A string of good decisions can easily propel a garage-born startup to greatness. But a few bad ones can bring even the most formidable organization to its knees. The key to minimizing costly decisions while maximizing profit-yielding ones is to make data the bedrock of your decision-making.
Top companies have been making data-driven decisions for a long time. Amazon, Box, Workday, Adobe, and other industry leaders have enjoyed huge success as a result of putting their faith in data over instinct.
Other companies, in the quest to be data-driven, commission task forces and devise elaborate initiatives to arm more decision-makers with data. But, sadly, these measures often fail. A survey of 500 enterprise IT decision-makers reveals that 74 percent of organizations gather incredible volumes of data but struggle to glean insights from it.
The same survey shows that, on average, companies only use half (51 percent) of the data they capture, leaving the other 49 percent to languish in some dust-laden data store.
What’s keeping you from being data-driven?
Several factors prevent companies from leveraging their data. Reporting bottlenecks, for example, which typically arise when the burden of aggregating analytics falls solely on IT, often leave business stakeholders with outdated – and potentially useless – information.
But another problem lurks, one perhaps more insidious than bottlenecks – data silos.
Many companies have data locked away in various databases but fail to integrate it. As with bottlenecks, these data silos force business leaders to make critical decisions based on fragmented data that lacks context.
Flawed approaches to integration are what enable data silos to calcify and proliferate. Companies must rethink their approach to integration if they want to escape the perils of these silos.
The key to shattering data silos and unlocking the value in your data is to adopt a modern, multi-point integration solution that enables rapid data retrieval, supports hybrid deployments, and scales easily.
Three flawed approaches to integration
There are three approaches to application and data integration that perpetuate data silos. Companies often employ a blend of each.
1. The legacy approach
Many companies are stuck with traditional on-premises integration software they acquired decades ago. The problem with these solutions is they are a pain to use, hard to maintain, and expensive.
As IT departments slim down, it leaves fewer resources for managing such systems. What’s more, legacy integration solutions are poorly equipped for modern cloud-centric data architectures. As companies adopt more cloud applications like Salesforce, Workday, and ServiceNow, it will become excruciating for them to connect those apps to their other critical systems.
On-premises integration solutions are too costly and complex to make a dent in solving the data silo dilemma.

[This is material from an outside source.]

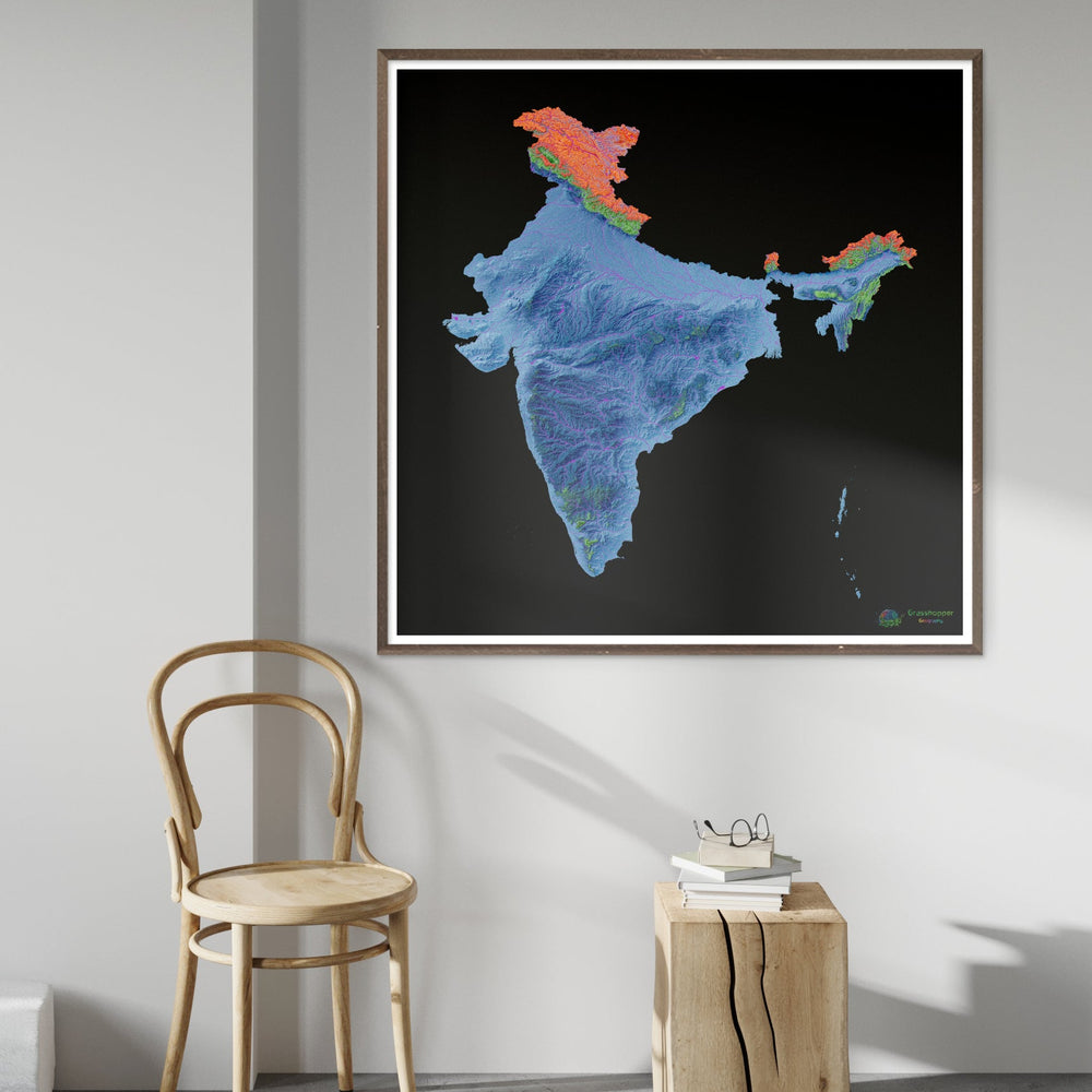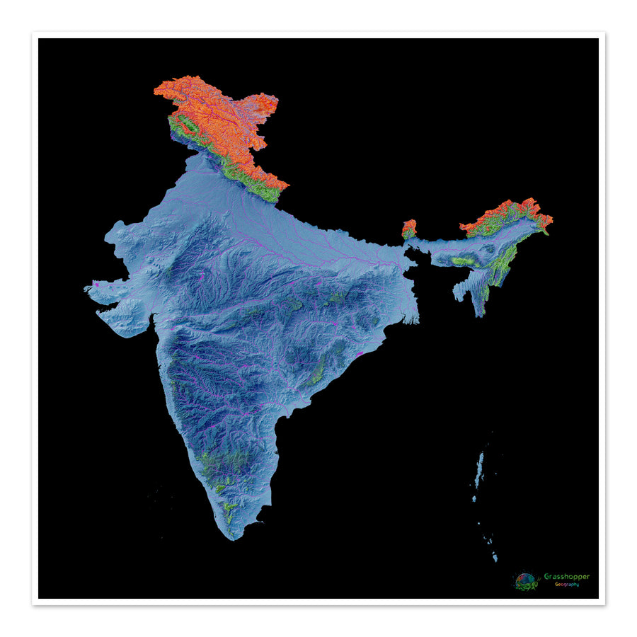 Mapa de elevação da Índia com fundo preto Fine Art Print. Mapa de elevação de alta resolução em um esquema de cores exclusivo, baseado em modelos de elevação digitais gerados a partir de dados de satélite.

2. The point-to-point approach
The rise in the number of unique data sources has caused swarms of point-to-point tools to emerge. One of these tools might let you connect two endpoints like Zuora and NetSuite with relative ease. But if you want to integrate the former with, say, Shopify, you must hand-code that integration or buy another point-to-point tool.
Organizations end up with a tangled mess of integrations and hard-to-maintain APIs as a result. Managing that mess is painful, especially since doing so requires you to hop between different integration tools. Errors occur more frequently in this chaotic environment.

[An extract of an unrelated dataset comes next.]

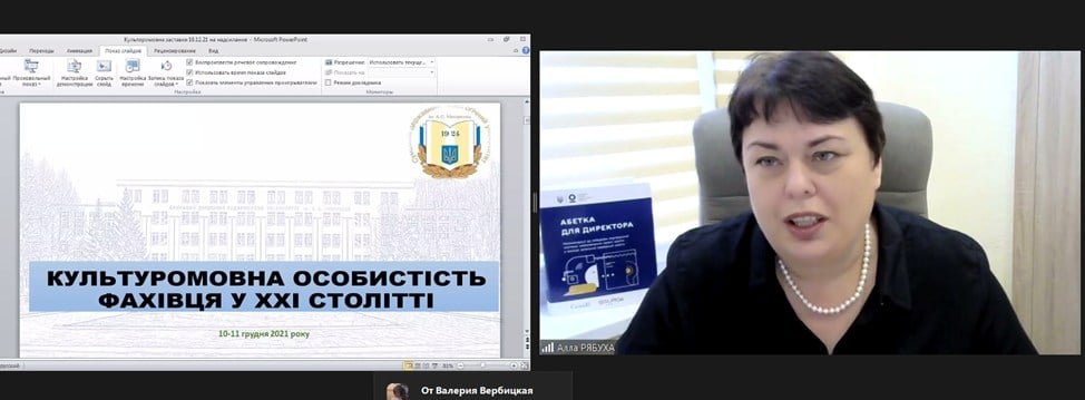 Алла Рябуха Alla Rjabukha, начальник управління державної служби якості освіти в Україні в Сумській області, котра акцентувала на партнерській взаємодії у формуванні культуромовної особистості.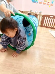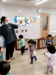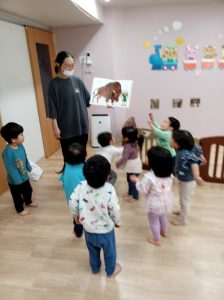 「できるかな?」の絵本を聞きながら歌に合わせて動物さんと

Another major drawback of these lightweight tools is they don’t scale. Every time you add in a new data source, you have to track down another point-to-point tool, further complicating your data architecture.
In a point-to-point setting, by the time you’ve addressed one data silo, three more have surfaced.
3. The custom-code approach
Scores of companies depend on a few overworked engineers to manually code their integration pipelines. This fragile approach is perhaps even less scalable than the point-to-point approach.
An integration specialist could spend days or even weeks building a single integration when it need only take hours. Meanwhile, integration requests from the line of business (LOB) units pile up.
In-house pipelines also tend to break more easily, which further slows the process of uniting your disparate data. In such cases, yet again, business leaders have no choice but to operate on incomplete information.
Ultimately, organizations hand-coding their integrations should not expect to avert the wrath of data silos any time soon.
Taking any of the above integration routes will only further entrench your data silos. To shed these silos, you need to abandon outdated and piecemeal approaches in favor of one rooted in a unified integration platform for the modern era.
Become data-driven at last: Modernize your integration approach
A modern integration platform enables rapid data retrieval. It does so through intuitive self-service. Instead of forcing you to write hundreds of lines of codes to extract and move data, it lets you use a simple drag-and-drop interface. What’s more, it leverages artificial intelligence (AI) to automate popular integrations and accelerate the process of building pipelines. The clicks-not-code nature of a modern platform empowers not only integration specialists to fetch time-sensitive data but also citizen integrators and LOB stakeholders.
A modern integration platform supports hybrid deployment environments. While zeal for the cloud is as strong as ever, the fact is, most organizations rely on a mix of cloud and on-premises software to function. As a multi-point solution, a modern platform allows you to easily integrate cloud applications with on-premises data sources across a wide range of endpoints. Moreover, it adapts to your technology infrastructure, performing just as well behind your firewall as in the cloud.
A modern integration platform grows with you – it scales. As the volume and variety of data you collect skyrocket, the platform responds to the growth seamlessly. It lets you query large data sets for real-time analytics and employ batch processing to haul big data into a data lake. With a modern platform, instead of wading through a thicket of piecemeal integrations, you can manage your integrations in one simple console. Adding and integrating new data sources within this one platform is almost as easy as adding an extension to your internet browser.
A modern, multi-point integration platform integrates all your disparate data, not just some of it. In doing so, it causes your data silos to vanish. Removing data silos is crucial to giving decision-makers reliable data when they need it.
Your approach to integration will increasingly dictate whether you use the data you collect or not. And, in the end, that’s all being data-driven boils down to – using data.